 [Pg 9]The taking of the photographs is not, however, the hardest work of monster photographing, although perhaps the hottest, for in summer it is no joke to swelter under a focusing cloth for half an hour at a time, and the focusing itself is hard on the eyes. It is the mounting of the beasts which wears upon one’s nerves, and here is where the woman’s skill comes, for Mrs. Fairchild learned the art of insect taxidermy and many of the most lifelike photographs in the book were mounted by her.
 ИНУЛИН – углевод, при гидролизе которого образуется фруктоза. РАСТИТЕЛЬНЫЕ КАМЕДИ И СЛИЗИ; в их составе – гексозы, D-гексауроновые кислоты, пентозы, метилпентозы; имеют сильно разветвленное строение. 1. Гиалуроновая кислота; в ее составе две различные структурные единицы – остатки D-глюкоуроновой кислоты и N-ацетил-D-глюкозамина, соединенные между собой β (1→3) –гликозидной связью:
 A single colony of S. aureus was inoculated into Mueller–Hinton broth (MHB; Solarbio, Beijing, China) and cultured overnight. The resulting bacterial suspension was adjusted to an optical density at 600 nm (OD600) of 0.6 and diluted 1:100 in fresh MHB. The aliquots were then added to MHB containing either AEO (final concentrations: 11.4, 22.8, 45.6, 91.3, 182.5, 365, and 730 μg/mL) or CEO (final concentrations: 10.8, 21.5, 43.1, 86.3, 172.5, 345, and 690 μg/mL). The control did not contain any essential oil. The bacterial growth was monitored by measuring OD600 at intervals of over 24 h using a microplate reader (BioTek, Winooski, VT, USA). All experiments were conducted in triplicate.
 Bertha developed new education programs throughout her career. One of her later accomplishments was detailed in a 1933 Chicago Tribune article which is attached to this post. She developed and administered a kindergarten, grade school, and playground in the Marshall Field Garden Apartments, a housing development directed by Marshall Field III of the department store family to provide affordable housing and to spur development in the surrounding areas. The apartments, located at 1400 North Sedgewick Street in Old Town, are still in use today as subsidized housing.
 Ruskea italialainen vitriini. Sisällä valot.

========================================

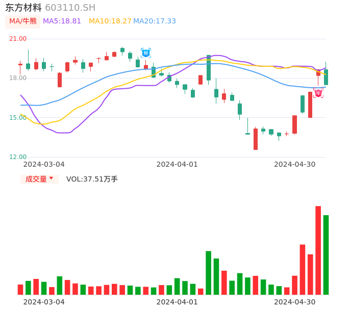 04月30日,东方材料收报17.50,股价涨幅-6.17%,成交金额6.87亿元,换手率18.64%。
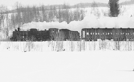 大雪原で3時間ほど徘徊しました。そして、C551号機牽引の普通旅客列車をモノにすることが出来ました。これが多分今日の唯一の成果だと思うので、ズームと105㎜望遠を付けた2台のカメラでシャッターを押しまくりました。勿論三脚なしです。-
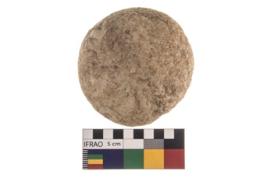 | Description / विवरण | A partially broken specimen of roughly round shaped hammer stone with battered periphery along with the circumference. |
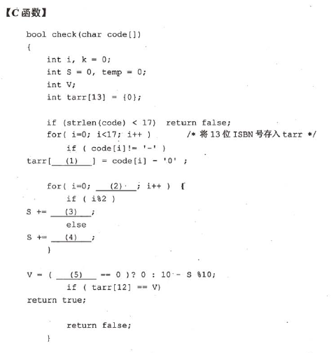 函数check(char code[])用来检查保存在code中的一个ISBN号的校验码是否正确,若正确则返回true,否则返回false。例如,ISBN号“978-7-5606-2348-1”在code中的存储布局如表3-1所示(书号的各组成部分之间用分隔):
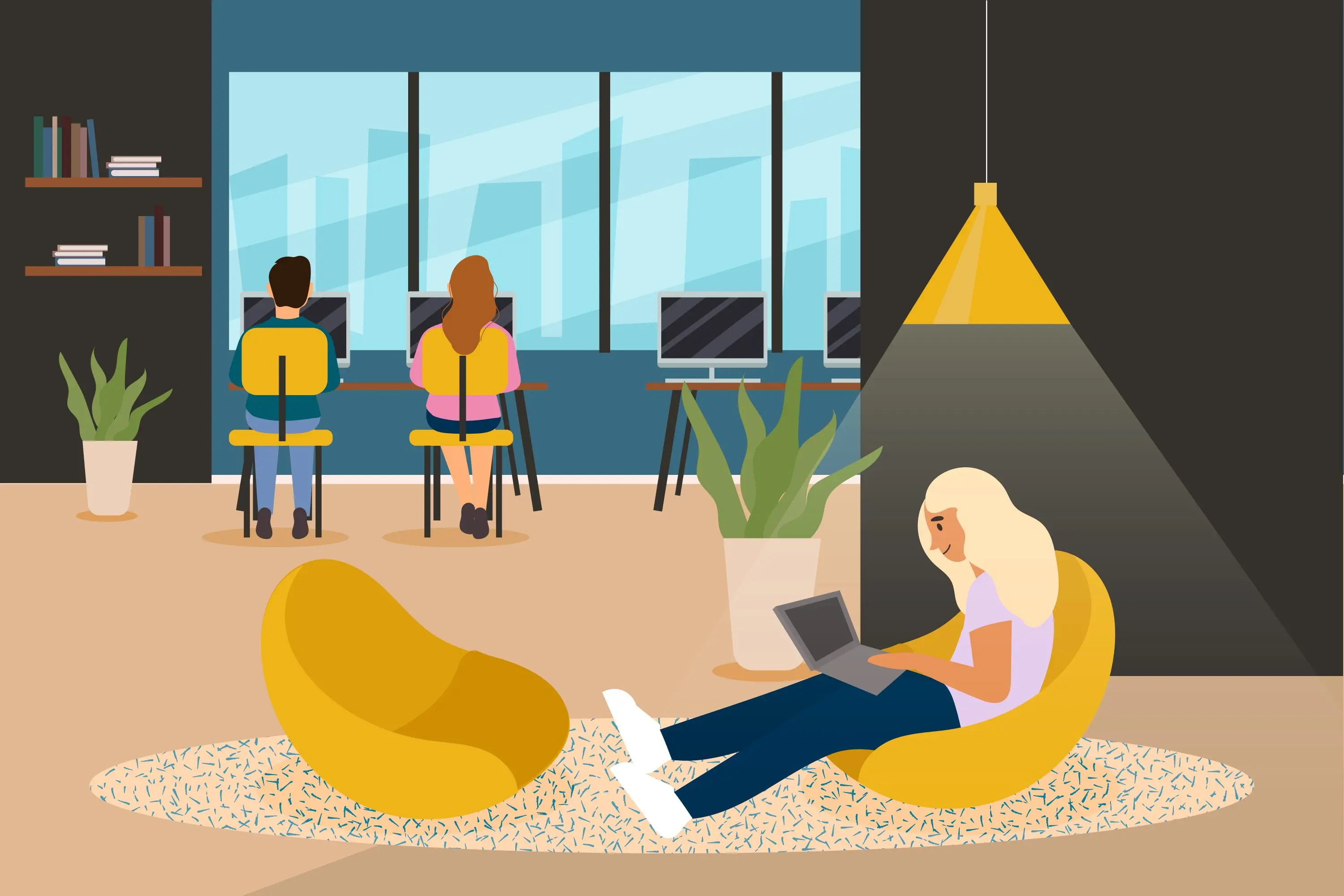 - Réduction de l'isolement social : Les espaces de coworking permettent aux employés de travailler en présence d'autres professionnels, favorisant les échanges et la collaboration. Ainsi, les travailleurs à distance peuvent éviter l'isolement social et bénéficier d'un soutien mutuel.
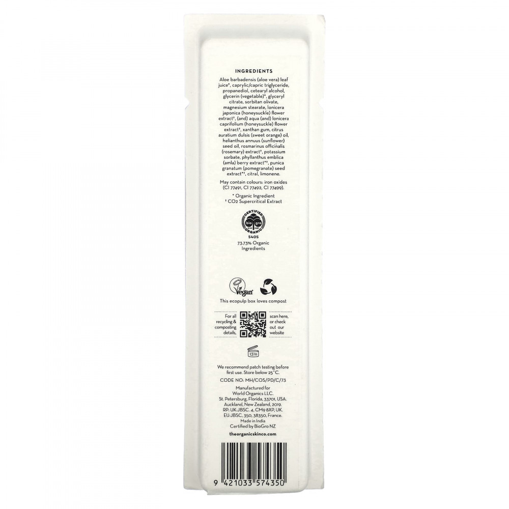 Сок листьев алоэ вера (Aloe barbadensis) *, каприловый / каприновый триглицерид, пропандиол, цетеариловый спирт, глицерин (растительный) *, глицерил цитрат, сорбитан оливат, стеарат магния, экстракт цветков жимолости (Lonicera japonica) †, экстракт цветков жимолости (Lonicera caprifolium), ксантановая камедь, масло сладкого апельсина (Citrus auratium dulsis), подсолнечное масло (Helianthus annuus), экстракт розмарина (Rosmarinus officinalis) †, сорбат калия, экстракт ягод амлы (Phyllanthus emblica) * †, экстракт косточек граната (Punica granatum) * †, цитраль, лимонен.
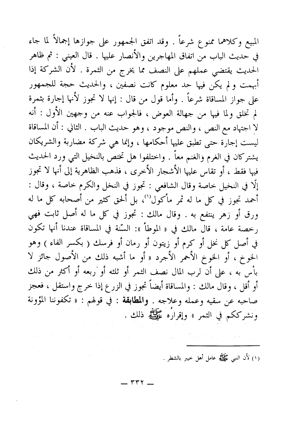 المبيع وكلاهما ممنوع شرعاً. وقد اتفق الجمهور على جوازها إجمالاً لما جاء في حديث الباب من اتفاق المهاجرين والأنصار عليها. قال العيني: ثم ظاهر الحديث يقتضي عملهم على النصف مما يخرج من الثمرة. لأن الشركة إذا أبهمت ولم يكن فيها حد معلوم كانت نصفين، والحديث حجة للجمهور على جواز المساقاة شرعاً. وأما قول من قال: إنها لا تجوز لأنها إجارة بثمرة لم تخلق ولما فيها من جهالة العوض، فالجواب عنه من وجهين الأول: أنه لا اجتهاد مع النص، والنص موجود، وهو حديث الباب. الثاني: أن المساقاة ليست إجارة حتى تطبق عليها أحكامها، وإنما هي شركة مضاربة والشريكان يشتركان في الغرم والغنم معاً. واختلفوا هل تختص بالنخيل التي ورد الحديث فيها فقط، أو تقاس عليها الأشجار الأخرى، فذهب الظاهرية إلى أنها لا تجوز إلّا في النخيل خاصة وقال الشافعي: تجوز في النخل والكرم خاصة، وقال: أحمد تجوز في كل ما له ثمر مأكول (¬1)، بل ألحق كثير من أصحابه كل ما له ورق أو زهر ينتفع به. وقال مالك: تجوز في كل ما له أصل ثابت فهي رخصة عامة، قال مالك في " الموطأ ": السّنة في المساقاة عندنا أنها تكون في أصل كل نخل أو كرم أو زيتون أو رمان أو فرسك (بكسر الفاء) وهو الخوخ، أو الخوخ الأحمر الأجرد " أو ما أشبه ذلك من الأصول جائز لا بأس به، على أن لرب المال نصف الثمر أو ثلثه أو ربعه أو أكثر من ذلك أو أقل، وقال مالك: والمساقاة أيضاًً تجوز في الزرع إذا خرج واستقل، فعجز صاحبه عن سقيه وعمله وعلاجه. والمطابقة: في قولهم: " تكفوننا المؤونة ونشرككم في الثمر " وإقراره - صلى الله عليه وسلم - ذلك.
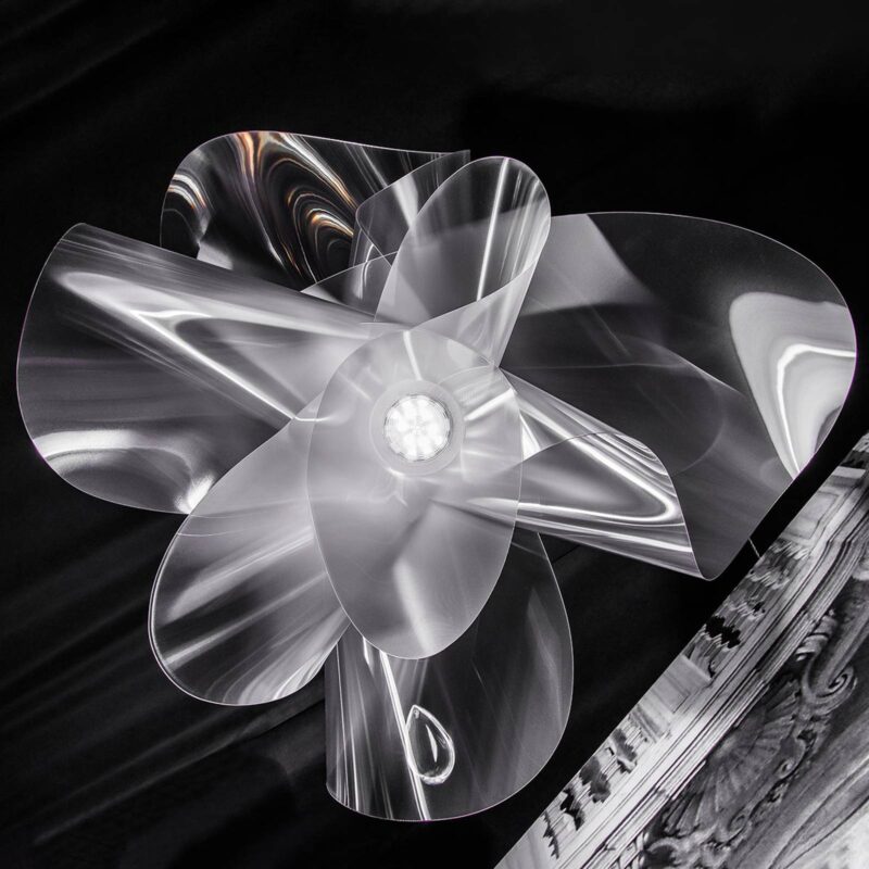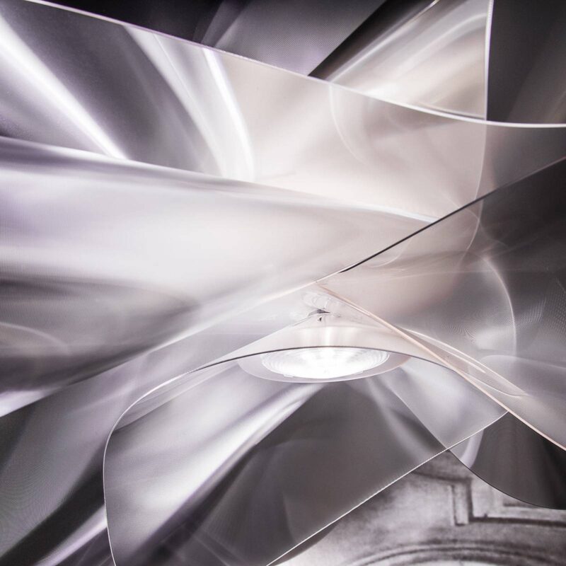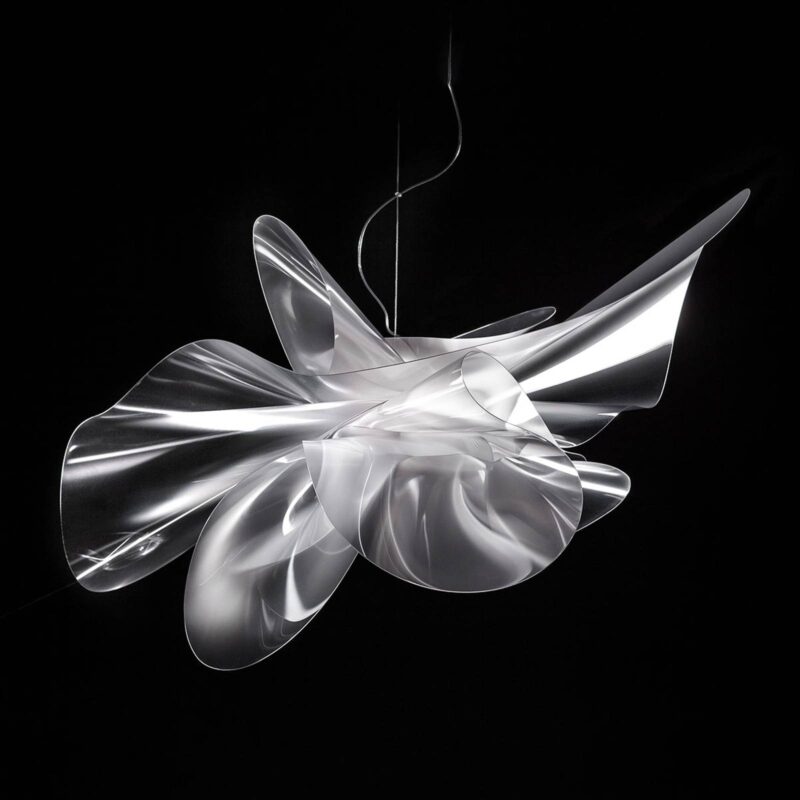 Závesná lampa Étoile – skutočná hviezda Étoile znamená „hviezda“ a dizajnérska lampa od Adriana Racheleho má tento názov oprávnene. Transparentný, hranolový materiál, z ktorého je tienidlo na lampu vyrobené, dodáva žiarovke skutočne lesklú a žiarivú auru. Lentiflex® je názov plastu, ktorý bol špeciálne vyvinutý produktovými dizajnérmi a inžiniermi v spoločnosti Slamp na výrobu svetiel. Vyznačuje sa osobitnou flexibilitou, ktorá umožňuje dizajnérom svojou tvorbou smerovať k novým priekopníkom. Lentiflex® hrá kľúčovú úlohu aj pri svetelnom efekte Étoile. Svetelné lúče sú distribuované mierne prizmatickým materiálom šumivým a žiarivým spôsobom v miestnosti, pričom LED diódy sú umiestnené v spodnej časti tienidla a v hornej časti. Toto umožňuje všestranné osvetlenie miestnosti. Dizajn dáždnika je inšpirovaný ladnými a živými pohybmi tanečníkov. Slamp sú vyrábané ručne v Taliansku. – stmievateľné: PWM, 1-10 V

========================================

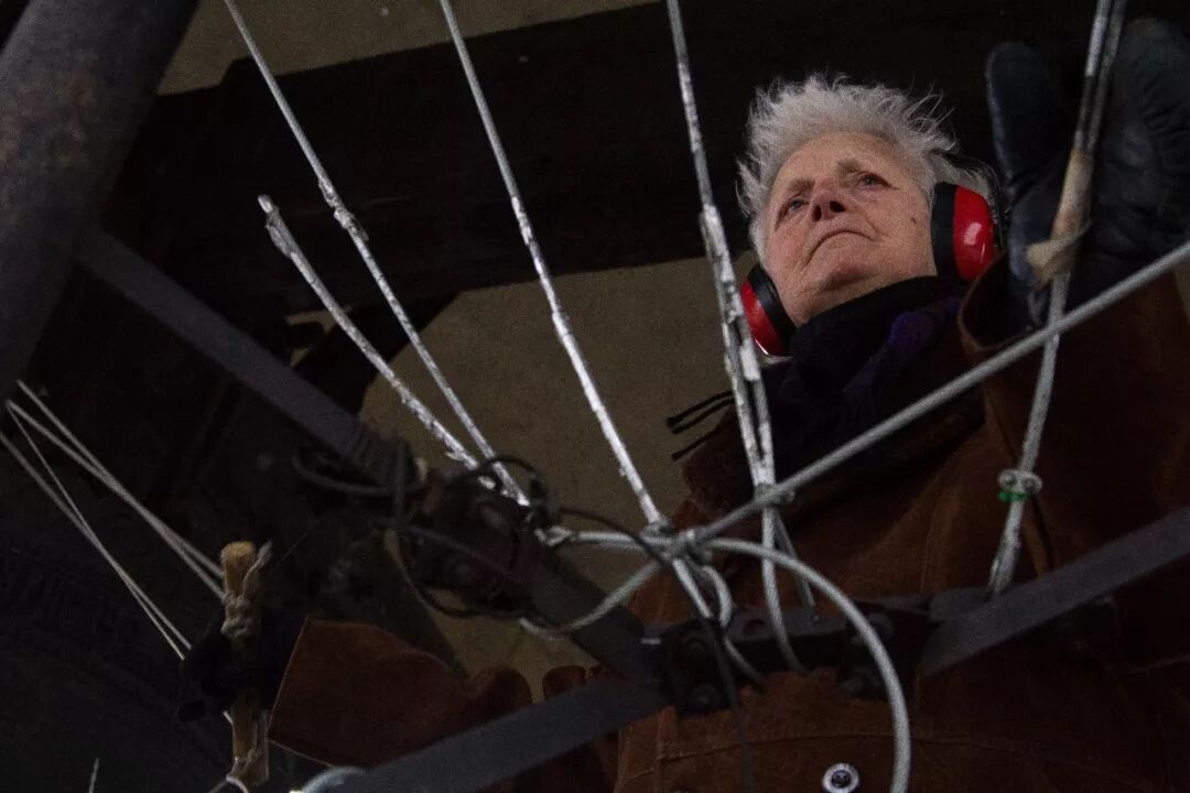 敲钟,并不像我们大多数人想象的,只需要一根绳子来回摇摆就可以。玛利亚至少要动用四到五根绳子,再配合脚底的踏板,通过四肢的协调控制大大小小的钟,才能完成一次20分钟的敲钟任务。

========================================

— Directions for this task —
Restate word for word the lines of the data above that begin at the line with "大雪原で3時間ほど徘徊しまし" and end at the line with "Сок листьев алоэ", keeping both ends and dropping every picture.

— Completed exercise —
 大雪原で3時間ほど徘徊しました。そして、C551号機牽引の普通旅客列車をモノにすることが出来ました。これが多分今日の唯一の成果だと思うので、ズームと105㎜望遠を付けた2台のカメラでシャッターを押しまくりました。勿論三脚なしです。-
 | Description / विवरण | A partially broken specimen of roughly round shaped hammer stone with battered periphery along with the circumference. |
 函数check(char code[])用来检查保存在code中的一个ISBN号的校验码是否正确,若正确则返回true,否则返回false。例如,ISBN号“978-7-5606-2348-1”在code中的存储布局如表3-1所示(书号的各组成部分之间用分隔):
 - Réduction de l'isolement social : Les espaces de coworking permettent aux employés de travailler en présence d'autres professionnels, favorisant les échanges et la collaboration. Ainsi, les travailleurs à distance peuvent éviter l'isolement social et bénéficier d'un soutien mutuel.
 Сок листьев алоэ вера (Aloe barbadensis) *, каприловый / каприновый триглицерид, пропандиол, цетеариловый спирт, глицерин (растительный) *, глицерил цитрат, сорбитан оливат, стеарат магния, экстракт цветков жимолости (Lonicera japonica) †, экстракт цветков жимолости (Lonicera caprifolium), ксантановая камедь, масло сладкого апельсина (Citrus auratium dulsis), подсолнечное масло (Helianthus annuus), экстракт розмарина (Rosmarinus officinalis) †, сорбат калия, экстракт ягод амлы (Phyllanthus emblica) * †, экстракт косточек граната (Punica granatum) * †, цитраль, лимонен.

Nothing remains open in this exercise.